> [Try it] In the material below, find the line with "今年度はTeamsを活用して" and the line with "Готовая домашняя работа", then output those two lines and every line between them, exactly.

-------- Task inputs --------

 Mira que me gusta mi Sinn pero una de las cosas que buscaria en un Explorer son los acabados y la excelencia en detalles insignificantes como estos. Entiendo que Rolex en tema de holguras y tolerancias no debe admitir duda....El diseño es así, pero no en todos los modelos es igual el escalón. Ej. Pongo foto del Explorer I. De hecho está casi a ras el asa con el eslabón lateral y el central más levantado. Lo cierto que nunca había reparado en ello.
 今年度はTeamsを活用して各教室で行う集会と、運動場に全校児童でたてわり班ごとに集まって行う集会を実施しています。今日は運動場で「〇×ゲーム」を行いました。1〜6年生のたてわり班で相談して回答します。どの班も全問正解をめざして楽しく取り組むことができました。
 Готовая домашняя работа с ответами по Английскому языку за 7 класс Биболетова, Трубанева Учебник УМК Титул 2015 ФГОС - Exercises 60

--------
-------- Task inputs --------

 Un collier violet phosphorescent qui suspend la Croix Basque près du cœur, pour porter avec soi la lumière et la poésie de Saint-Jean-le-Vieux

--------

> [Response]
 今年度はTeamsを活用して各教室で行う集会と、運動場に全校児童でたてわり班ごとに集まって行う集会を実施しています。今日は運動場で「〇×ゲーム」を行いました。1〜6年生のたてわり班で相談して回答します。どの班も全問正解をめざして楽しく取り組むことができました。
 Готовая домашняя работа с ответами по Английскому языку за 7 класс Биболетова, Трубанева Учебник УМК Титул 2015 ФГОС - Exercises 60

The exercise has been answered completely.